Heaven knows that I have my ups and downs dispositionally—no way that could even be in question. But on a fundamental level, much of the time I'm OK. Not unfeeling (I feel plenty, all the time) or unaffected, but OK—my feelings often just don't affect my ability to be OK. I could speculate on why that's the case, but it's tough to explain and may be tougher to understand.
But that's not how I read others much of the time. Instead, it feels like they need or want something in order to be OK, and I want them to just go ahead and be OK. I don't mean to be dismissive of feelings; in fact, I'm terribly respectful of them in that I don't even understand why they should be changed and replaced by other feelings so urgently—feel what you feel and be OK with that. But others don't seem to work that way, either by nature or by choice, and I get more and more lost when I try to relate.
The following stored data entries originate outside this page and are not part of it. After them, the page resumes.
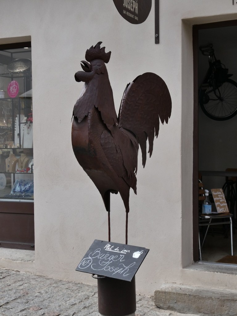 Photo notes, both in Carcassonne: The featured photo across the top is a colorful pop-up shop and in the first paragraph is a rooster, one of the many symbols of France, in front of the restaurant Maison Joseph.
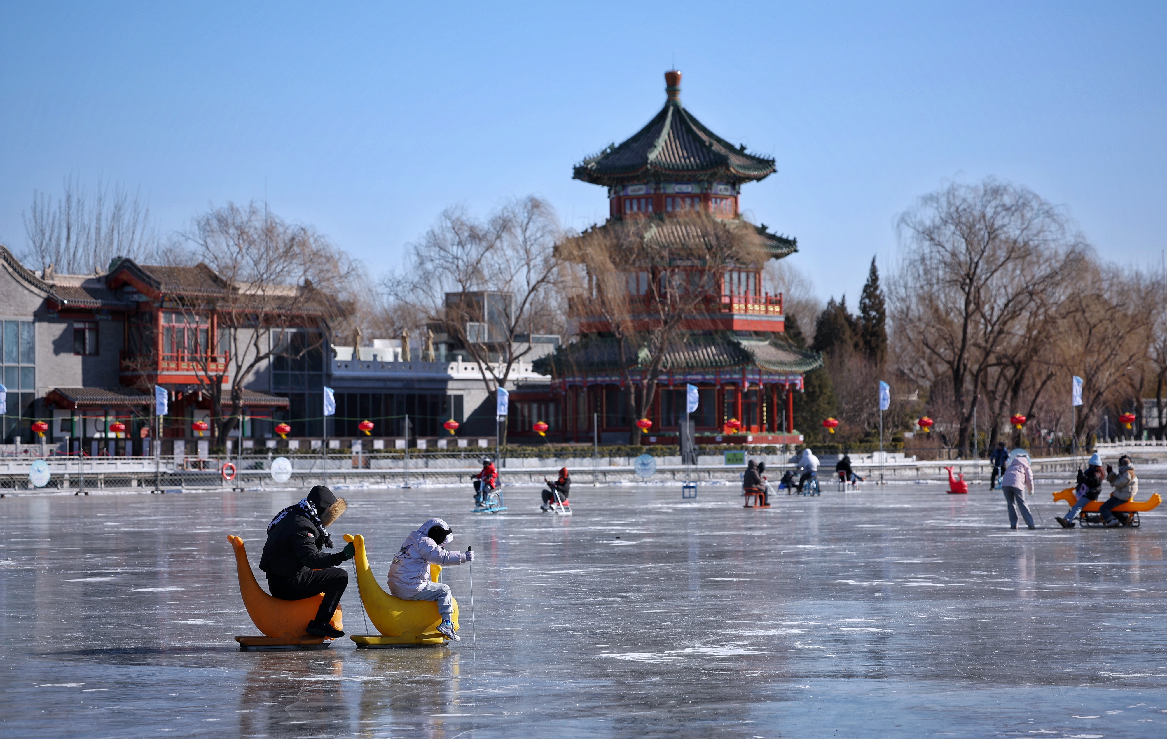 1月20日,什刹海后海冰场,游客们在冰上享受冬天的快乐。新京报记者 薛珺 摄
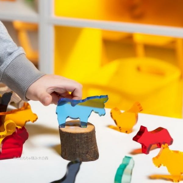 「Luxyブロック」は、上質なアクリル樹脂で作られた、光を通す透き通った積み木です。
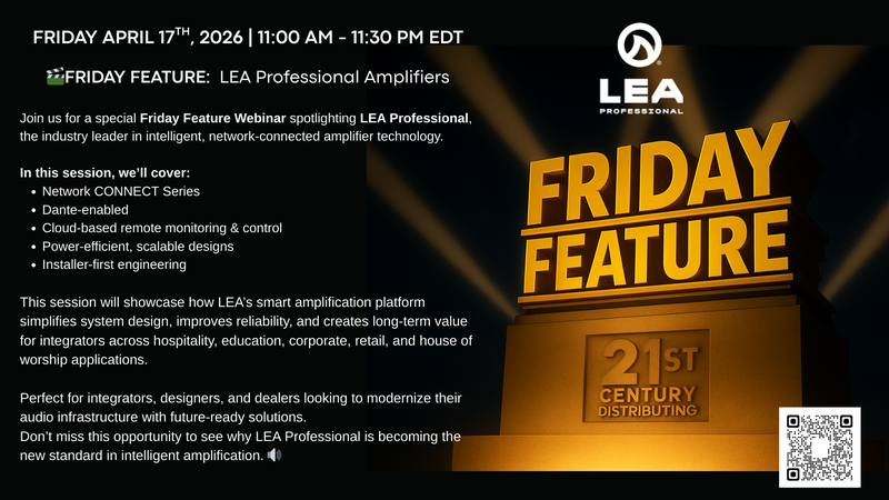 Join us for a special Friday Feature Webinar spotlighting LEA Professional, the industry leader in intelligent, network-connected amplifier technology..
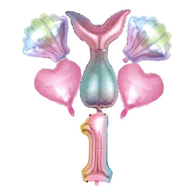 Kit c/ 5, 6 ou 7 Balão Metalizado Cauda Sereia Concha e Coração com Número Degradê Grande 75 cm Decoração
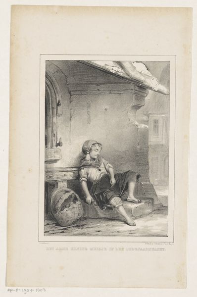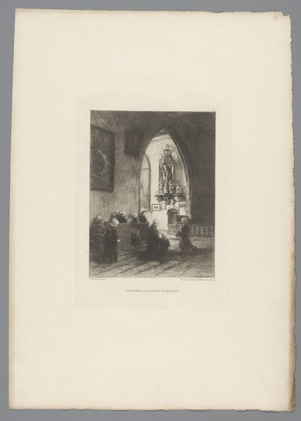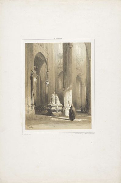 This drawing by Henri Brispot presents a church interior where a man is sitting asleep with his head resting on his hand. The man, possibly a church official given his attire, is rendered with a series of fine, controlled lines that define form and texture. Brispot's delicate use of line creates gradations in tone, particularly noticeable in the shadowed areas around the man and his ornate chair. The contrast between the dark foreground and the softer, lighter background emphasizes a visual and thematic dichotomy: presence and absence, wakefulness and sleep. The structure of the composition is significant; the sleeping man is positioned slightly off-center, drawing our eye to the composition's themes of human frailty, while a larger narrative about spirituality in an era defined by rationalism and skepticism is implied. Brispot employs a semiotic system where the church setting, the man’s slumber, and the abandoned holy water could be read as signs of spiritual lethargy or perhaps a commentary on faith.

The ante is upped when I feel their want or need turned on me—it scares me on some level. I'm sure there's plenty of laziness, selfishness, faithlessness, and outright sin in my response. I'm afraid of getting used up or drained dry in someone's attempt to be (possibly momentarily) OK. Since I don't understand why they can't just be OK, I don't know what or how much I can give toward that want or need. Not giving is selfish and cold; giving is throwing myself into a relational freefall. Where's the bottom? When will you be OK?
As I get older, I get more skittish on even simpler wants and needs. Faced with some of the smallest desires from others, I'm immediately afraid of being consumed. I love focus and mission and purpose, because then I know what we're shooting for and when we'll be done. I can deal with and even enjoy being depended upon for something, but just being generally depended on scares the bejeezus out of me. I don't want to be a dependency—I don't even understand how that would work or what would ever be enough. For me, that's the equivalent of signing a blank check or the back page of an unread contract.
The disconnect has potentially monstrous repercussions—in how I view culture and politics, in my career, in my friendships, with my family, in my marriage, and in my relationship with God. No man is an island, but this man is afraid he's doing a truly rotten job of connecting with anyone else.